Kronologi Pengungsi Gempa Palu Diperkosa Tiga Pemuda di Makasar

Kronologi Pengungsi Gempa Palu Diperkosa Tiga Pemuda di Makasar

MAKASAR, dawainusa.com Sudah jatuh tertimpa tangga lagi. Kira-kira begitulah gambaran penderitaan yang dialami oleh SH, seorang anak korban bencana gempa dan tsunami Sulawesi Tengah (Sulteng) yang mengungsi di Kota Makassar, Sulawesi Selatan.

Korban SH (7), siswa kelas 1 SD ini diperkosa tiga pemuda di tempat pengungsiannya di Makassar, Selasa (16/10) sore. Kasus Pemerkosaan ini telah ditangani aparat kepolisian. Korban pun telah menjalani visum di RS Malebu, Sudiang.

Kepala Polsekta Biringkanaya, Kompol Anugraha mengungkapkan, seorang dari tiga pelaku berinisial I (14) adalah warga Makassar. Sedangkan dua pelaku lainnya masih dalam proses pencarian.
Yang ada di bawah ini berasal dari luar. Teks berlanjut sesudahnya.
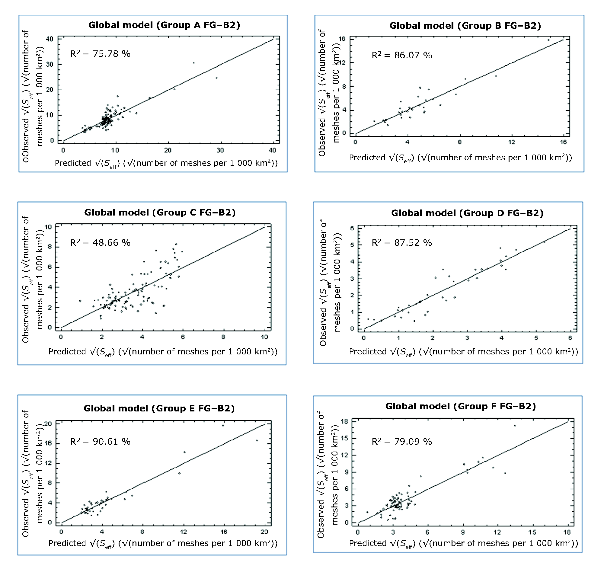 See all EU institutions and bodiesEffective mesh density values by NUTS-X region for Fragmentation Geometry FG-B2 in 2009. The NUTS-X regions represented by points above the diagonal line are more fragmented than predicted and those represented by by points below the diagonal line are less fragmented than predicted. All models shown include all available variables in each group and use a square root transformation for seff.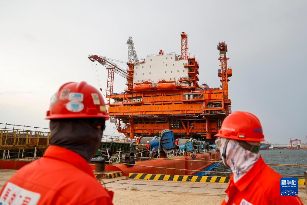 7月10日,渤中19-6凝析氣田一期項目中心平臺在青島成功裝船,即將奔赴渤海西部海域,進(jìn)入海上安裝和聯(lián)調階段。新華社發(fā)(杜鵬輝 攝)

“Kasus ini sudah dilimpahkan ke Unit Perlindungan Perempuan dan Anak (PPA) Satuan Reskrim Polrestabes Makassar. Seorang pelaku sudah kita serahkan di Polrestabes dan dua orang lainnya masih dalam proses pencarian,” kata Anugraha seperti dilansir Tribunnews, Rabu, (17/10).

Kronologi Pemerkosan

Pada kesempatan yang sama Nugraha menjelaskan, pemerkosaan terjadi ketika SH yang merupakan warga Palu sedang bermain sendirian. Kemudian ketiga pelaku menarik paksa korban ke sebuah lahan kosong lalu memperkosanya secara bergiliran dan berulang kali.

“Setelah melancarkan aksinya, pelaku membawa korban ke depan rumahnya. Saat masuk ke dalam rumah, korban merintih kesakitan dan menceritakan secara singkat kepada keluarganya,” ungkapnya.

Warga sempat melakukan pengejaran terhadap ketiga pelaku dan seorang di antaranya berhasil diamankan. “Dua pelaku lainnya yang diketahui berdomisili di Kabupaten Maros berhasil kabur dan kini masih dalam pencarian polisi,” pungkasnya.

Sebelumnya, Anugraha memastikan korban pemerkosaan tiga pemuda di Makassar adalah korban bencana dari Kota Palu. Namun, apakah korban terdata atau tidak, kata Anugraha, polisi masih melakukan pengecekan di Asrama Haji, Sudiang, Makassar.

“Pengungsi dari Sulteng ke Makassar secara resmi ditangani Pemerintah Provinsi Sulsel ditampung di Asrama Haji, Sudiang, Makassar. Korban apakah terdata atau tidak, kita akan cek. Karena lokasi korban berada di luar Asrama Haji Sudiang dan berada di kompleks BPS,” katanya.

Nugraha mengungkapkan, banyak korban pengungsi bencana di Sulteng yang berada di Kota Makassar tidak terdeteksi. Sebab, banyak pengungsi enggan masuk ke asrama haji dan memilih langsung ke rumah keluarganya di Kota Makassar.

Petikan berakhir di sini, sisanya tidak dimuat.